Allen Elena, Horvath Steve, Tong Frances, Kraft Peter, Spiteri Elizabeth, Riggs Arthur D, Marahrens York
Department of Human Genetics, University of California, Los Angeles, CA 90095, USA.
Proc Natl Acad Sci U S A. 2003 Aug 19;100(17):9940-5. doi: 10.1073/pnas.1737401100. Epub 2003 Aug 8.

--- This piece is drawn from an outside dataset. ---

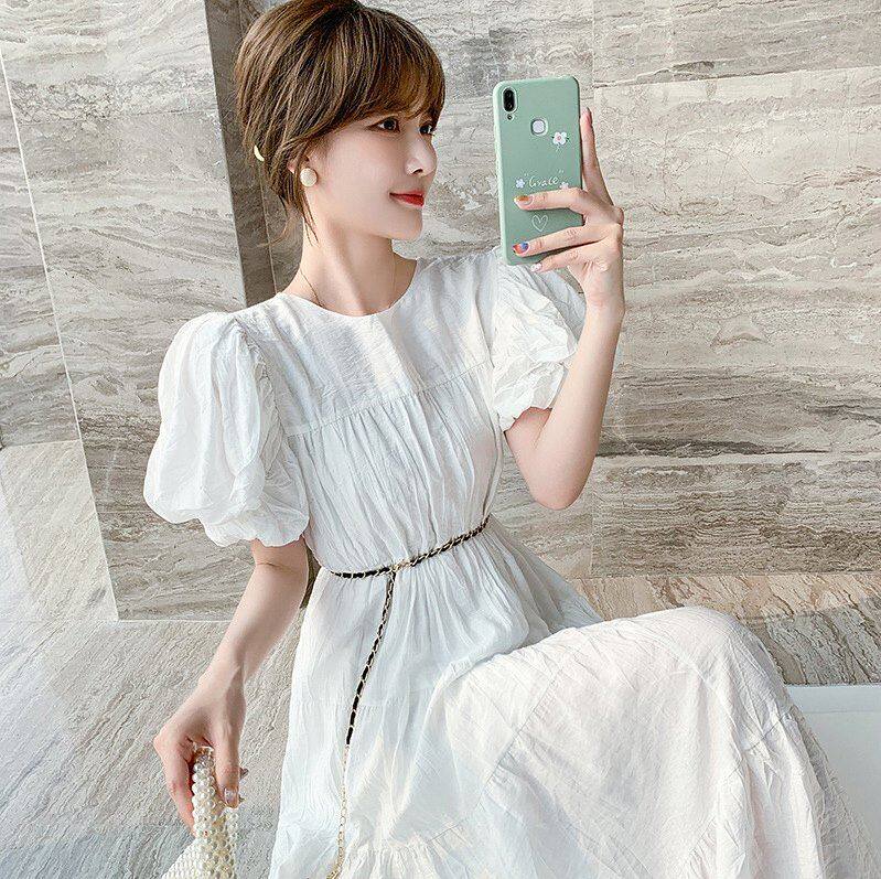歇瘦连衣裙女坚果褶皱2021茶夏季新款泡泡袖白色服饰法式仙女裙热门设计联盟服务商

Genes subject to monoallelic expression are expressed from only one of the two alleles either selected at random (random monoallelic genes) or in a parent-of-origin specific manner (imprinted genes). Because high densities of long interspersed nuclear element (LINE)-1 transposon sequence have been implicated in X-inactivation, we asked whether monoallelically expressed autosomal genes are also flanked by high densities of LINE-1 sequence. A statistical analysis of repeat content in the regions surrounding monoallelically and biallelically expressed genes revealed that random monoallelic genes were flanked by significantly higher densities of LINE-1 sequence, evolutionarily more recent and less truncated LINE-1 elements, fewer CpG islands, and fewer base-pairs of short interspersed nuclear elements (SINEs) sequence than biallelically expressed genes. Random monoallelic and imprinted genes were pooled and subjected to a clustering analysis algorithm, which found two clusters on the basis of aforementioned sequence characteristics. Interestingly, these clusters did not follow the random monoallelic vs. imprinted classifications. We infer that chromosomal sequence context plays a role in monoallelic gene expression and may involve the recognition of long repeats or other features. The sequence characteristics that distinguished the high-LINE-1 category were used to identify more than 1,000 additional genes from the human and mouse genomes as candidate genes for monoallelic expression.
单等位基因表达的基因仅从两个等位基因中的一个表达,要么是随机选择(随机单等位基因),要么是以亲本来源特异性方式(印记基因)。由于长散在核元件1(LINE-1)转座子序列的高密度与X染色体失活有关,我们询问单等位基因表达的常染色体基因是否也侧翼有高密度的LINE-1序列。对单等位基因表达和双等位基因表达基因周围区域的重复序列含量进行统计分析发现,与双等位基因表达的基因相比,随机单等位基因侧翼的LINE-1序列密度显著更高,进化上更新且截短较少的LINE-1元件更多,CpG岛更少,短散在核元件(SINEs)序列的碱基对更少。将随机单等位基因和印记基因合并并进行聚类分析算法,该算法根据上述序列特征发现了两个聚类。有趣的是,这些聚类并不遵循随机单等位基因与印记基因的分类。我们推断染色体序列背景在单等位基因表达中起作用,可能涉及对长重复序列或其他特征的识别。用于区分高LINE-1类别的序列特征被用于从人类和小鼠基因组中识别出1000多个额外的基因作为单等位基因表达的候选基因。